Oct. 6, 2022 — The comfort of feeling snug and secure with the help of a weighted blanket can help promote sleep by inducing a release of melatonin, a hormone associated with sleep, such as a study with young, healthy participants suggests.
“We all know that when we want to relax a little or need support from others, it’s really good when they hug us,” says Christian Benedict, PhD, associate professor of pharmacology at Uppsala University in Uppsala, Sweden.
“And I think it’s kind of similar with a weighted blanket, because the blanket activates our sensory system and that system sends information to the brain, where it affects certain structures that play a role in regulating melatonin,” he says.
“So the body feels ready – now I’m protected so I can relax – and that signals the brain that we’re ready to initiate sleep, which is why it boosts the melatonin signal,” says Benedict.
The study was published online on Monday Journal of Sleep Research.
Melatonin rises higher with heavier ceilings
The study involved 26 young men and women who did not have insomnia. Participants went through two experimental sessions – the first visit to the laboratory served as an “adjustment night” and the second for the experiment. The adaptation night was designed to help participants adapt to the experimental environment, the authors say. Saliva was collected every 20 minutes between 10 p.m. and 11 p.m., while participants’ sleepiness was rated every 20 minutes using the Karolinska sleepiness scale both before the lights were turned off and between 7 a.m. and 8 a.m. the next morning.
Sleep duration was also recorded using a special wearable device that measures many physiological indicators of sleep.
The researchers said they focused on “total sleep duration as an outcome” for this study and found that melatonin increases in the saliva samples they collected were greater between 10 p.m. and 11 p.m. when participants used the weighted blanket.

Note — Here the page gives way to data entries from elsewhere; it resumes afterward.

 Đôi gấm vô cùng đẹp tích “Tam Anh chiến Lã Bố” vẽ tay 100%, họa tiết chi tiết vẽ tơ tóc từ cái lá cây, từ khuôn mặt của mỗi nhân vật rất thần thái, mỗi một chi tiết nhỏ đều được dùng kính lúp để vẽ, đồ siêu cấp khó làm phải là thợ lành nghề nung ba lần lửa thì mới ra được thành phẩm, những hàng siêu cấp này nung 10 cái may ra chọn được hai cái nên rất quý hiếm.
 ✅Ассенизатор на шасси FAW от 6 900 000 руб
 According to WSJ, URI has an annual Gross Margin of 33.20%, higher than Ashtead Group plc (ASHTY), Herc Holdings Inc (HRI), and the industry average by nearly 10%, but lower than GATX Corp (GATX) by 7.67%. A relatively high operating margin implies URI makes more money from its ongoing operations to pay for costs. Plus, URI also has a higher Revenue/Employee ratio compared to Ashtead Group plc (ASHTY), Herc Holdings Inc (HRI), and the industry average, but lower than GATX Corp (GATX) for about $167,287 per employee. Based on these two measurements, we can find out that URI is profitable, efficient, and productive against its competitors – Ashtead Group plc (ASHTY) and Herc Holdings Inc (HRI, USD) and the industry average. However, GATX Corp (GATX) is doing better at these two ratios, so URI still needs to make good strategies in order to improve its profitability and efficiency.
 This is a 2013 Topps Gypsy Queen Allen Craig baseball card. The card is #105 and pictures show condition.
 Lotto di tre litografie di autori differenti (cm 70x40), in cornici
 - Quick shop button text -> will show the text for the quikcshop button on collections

There was also an initial but short-lived increase in oxytocin levels when participants used the weighted blanket versus the light blanket, but it wasn’t statistically significant, the researchers said. (Oxytocin is the so-called “love” hormone that controls aspects of human behavior, including childbirth and breastfeeding.)
But the differences in measurements of sleepiness between the two blanket states were not different. There were also no significant differences in total sleep time when participants used the weighted blanket versus the light blanket.

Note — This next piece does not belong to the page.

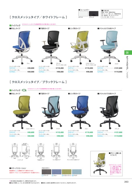 [クロスメッシュタイプ/ホワイトフレーム]ホワイトブラック■フレームカラー■共通仕様脚部・肘部/樹脂成型品背フレーム・背シェル/樹脂成型品背・座張材/布(ポリエステル)キャスター部/ナイロン■ハイバック■肘なしタイプ※クロスメッシュタイプは背座同色のみの取り扱いになります。■T型肘タイプ■リング肘タイプ■アジャスタブル肘タイプ08オフィスチェアイエラアクアランバーサポート付きSV918□・・・・・・・・・・・・・・¥121,800ランバーサポート無しSV908□・・・・・・・・・・・・・・¥110,900ブルーランバーサポート付きSV910□・・・・・・・・・・・・・・・¥95,800ランバーサポート無しSV900□・・・・・・・・・・・・・・・¥84,900ブラックランバーサポート付ランバーサポート付きSV912□・・・・・・・・・・・・・・¥110,400イエローグリーンランバーサポート付ランバーサポート付きSV914□・・・・・・・・・・・・・・¥110,400ランバーサポート無しSV902□・・・・・・・・・・・・・・・¥99,500ランバーサポート無しSV904□・・・・・・・・・・・・・・・¥99,500[クロスメッシュタイプ/ブラックフレーム]■ハイバック■肘なしタイプ※クロスメッシュタイプは背座同色のみの取り扱いになります。■T型肘タイプ■リング肘タイプ■アジャスタブル肘タイプ■グリーン購入法について※ホワイトフレームでグリーン購入法の適合をご希望の際は、ブラック色の脚部に変更し対応可能です。担当者にご相談ください。658320ハイバック658T型肘タイプ658リング肘タイプ658アジャスタブル肘タイプ425(545)188(288)425(545)192425(545)192975(1095)425(545)492471581(631)440490)613471606471621471■カラーバリエーションクロスカラー商品番号の右記カラーバリエーションからお好きなカラーをお選びください。には張地のカラー番号が入ります。ブラックブルーイエローグリーンアクア※表示価格は税抜価格です。消費税を別途承ります。●商品の種類によっては、多少納期を要するものもあります。●価格には運賃、諸経費等は含まれておりません。別途申し受けます。263イエローグリーンアクアブルーブラックランバーサポート付きSV810□・・・・・・・・・・・・・・・¥95,800ランバーサポート無しSV800□・・・・・・・・・・・・・・・¥84,900ランバーサポート付きSV812□・・・・・・・・・・・・・・¥110,400ランバーサポート無しSV802□・・・・・・・・・・・・・・・¥99,500ランバーサポート付きSV814□・・・・・・・・・・・・・・¥110,400ランバーサポート無しSV804□・・・・・・・・・・・・・・・¥99,500ランバーサポート付きSV816□・・・・・・・・・・・・・・¥121,800ランバーサポート無しSV806□・・・・・・・・・・・・・・¥110,900

But as Benedict points out, people respond differently to melatonin. For example, children with attention deficit hyperactivity disorder (ADHD) could benefit, as could older people who no longer produce enough melatonin themselves.

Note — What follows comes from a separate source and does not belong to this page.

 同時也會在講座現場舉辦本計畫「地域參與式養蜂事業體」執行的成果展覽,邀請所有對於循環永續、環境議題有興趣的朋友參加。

Overall, most studies suggest that melatonin itself does not promote sleep. Melatonin prepares the body and brain for the biological event of the night, which includes sleep, but it works through a relatively strong placebo effect: people believe melatonin helps them sleep and believe it does causes, says Benedict.
And just because the body makes its own melatonin doesn’t necessarily make it safe to use melatonin supplements, says Benedict. For example, when people eat and have a lot of melatonin in their system, the melatonin tells the pancreas to stop producing insulin in response to food, as it normally would. As a result, they run the risk of having high blood sugar levels, which can be harmful over time. There is also a risk of children snagging their parents’ melatonin stores, and melatonin can prove to be extreme harmful to children.
Weighted blankets are widely used and sold for therapeutic reasons. People should test the blankets before deciding on one; If a blanket is too heavy, the effect can be suffocating instead of feeling cozy and safe.
Benedict also warns that heavy blankets sold for therapeutic purposes don’t come cheap — they cost up to $250 in Scandinavia — which is why doctors might still want to recommend them for their patients with insomnia, assuming they can afford the ceiling. Alternatively, people might consider buying more than one lightweight blanket and adding weight as needed, he suggests.
“Our study is the first to suggest that weighted blankets may lead to greater release of melatonin [but] future studies should investigate whether the stimulatory effect on melatonin secretion persists when a weighted blanket is used for long periods of time,” the study authors write.
It’s not clear whether the increase in melatonin observed in the study makes any therapeutic sense, they said.